經典 AI 教科書 Russell & Norvig 的定義:任何能透過感測器 (sensors) 感知環境,並透過效應器 (actuators) 作用於環境的實體,都是 agent。這個定義廣到包含掃地機器人、自動駕駛、甚至一隻青蛙。
2026 年大家在講的「AI Agent」幾乎都特指以 LLM 為核心推理引擎,可以使用工具、保有記憶、能自主規劃多步驟任務的系統。這比單純的 LLM 對話更強,但又比通用人工智慧 (AGI) 更務實。
"AI Agent" is one of the most overloaded buzzwords of 2026. The same label can describe a weather chatbot or a fully autonomous engineer that reads code, runs tests, and opens PRs. To avoid the confusion, return to first principles.
The Russell & Norvig textbook defines an agent as: anything that perceives its environment through sensors and acts upon it through actuators. This is broad enough to include Roombas, self-driving cars, and frogs.
When practitioners say "AI Agent" in 2026 they almost always mean a more specific thing: a system that uses an LLM as its reasoning engine, can call tools, retain memory, and plan multi-step tasks autonomously — stronger than a plain chat LLM, but more grounded than the AGI moonshot.
二、PEAS:分析任何 Agent 的萬用框架
Russell & Norvig 提出的 PEAS 框架是設計或評估 agent 時必先填寫的清單。它強迫你回答四個問題:
Russell & Norvig's PEAS framework is the checklist you fill in before designing or evaluating any agent. It forces four questions:
P · Performance
怎麼算是成功?任務完成率?人類滿意度?成本?延遲?沒有定義 P,就無法評估 agent。
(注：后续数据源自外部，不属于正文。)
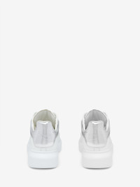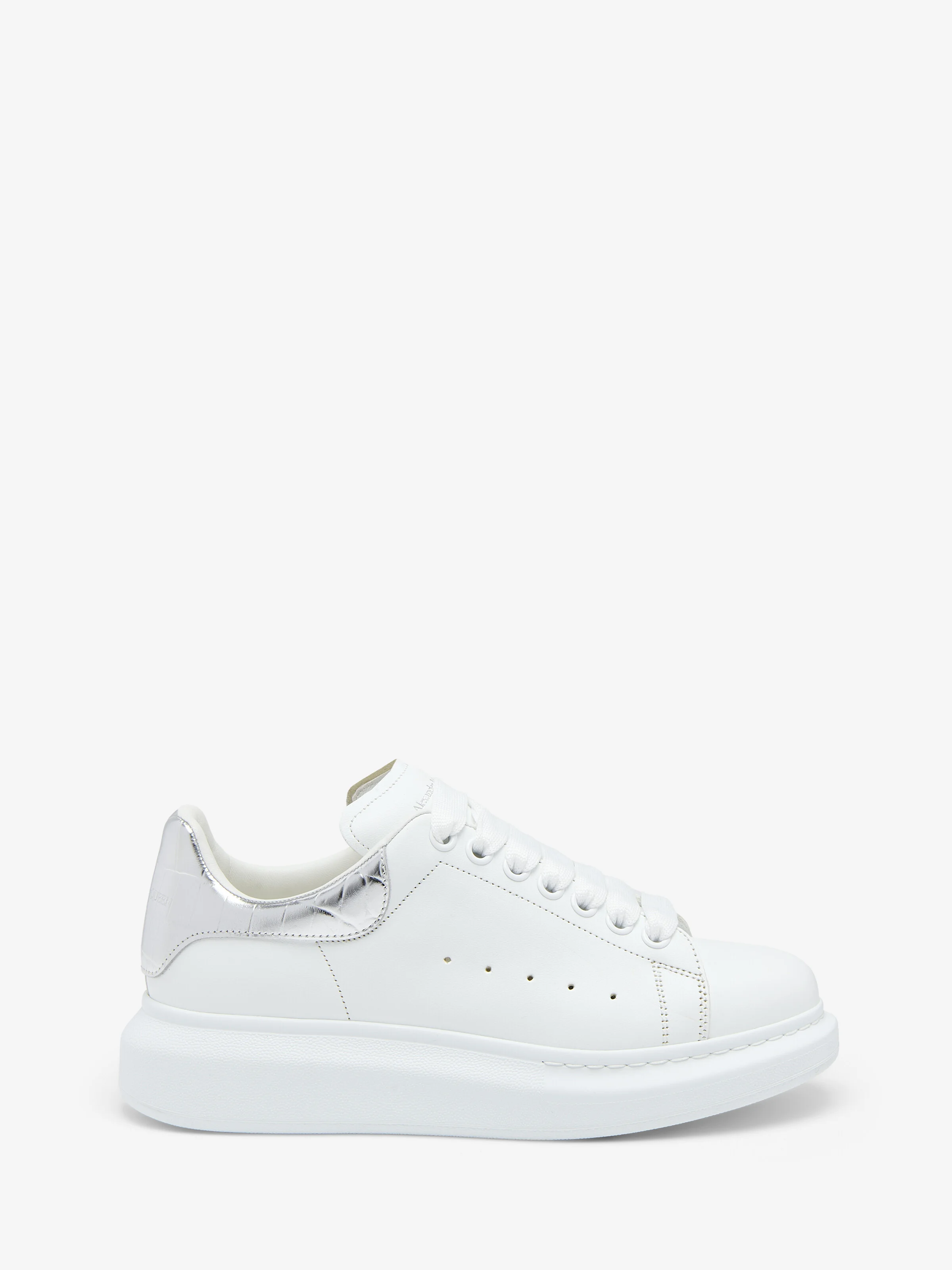 The Oversized Sneaker—statement silhouette in white calf leather, with a metallic silver croc-embossed heel counter featuring the McQueen signature. Finished with a chunky rubber sole. Product details - Round toe - McQueen signature - Contrasting heel counter - Oversized rubber sole - Additional pair of shoelaces included - Product code: 553770WIAH09081 - Made in Italy - Material: Calf Leather

What counts as success? Task completion rate? Human satisfaction? Cost? Latency? Without P, you cannot evaluate the agent.
E · Environment
Agent 處在什麼環境?網頁瀏覽器?terminal?資料庫?真實世界?環境是離散或連續?可觀測或不可觀測?
What environment? Web browser? Terminal? Database? Real world? Discrete or continuous? Fully or partially observable?
A · Actuators
Agent 能做什麼動作?發 HTTP 請求?執行 shell?點擊滑鼠?呼叫資料庫?這就是後續第 4 章「工具」。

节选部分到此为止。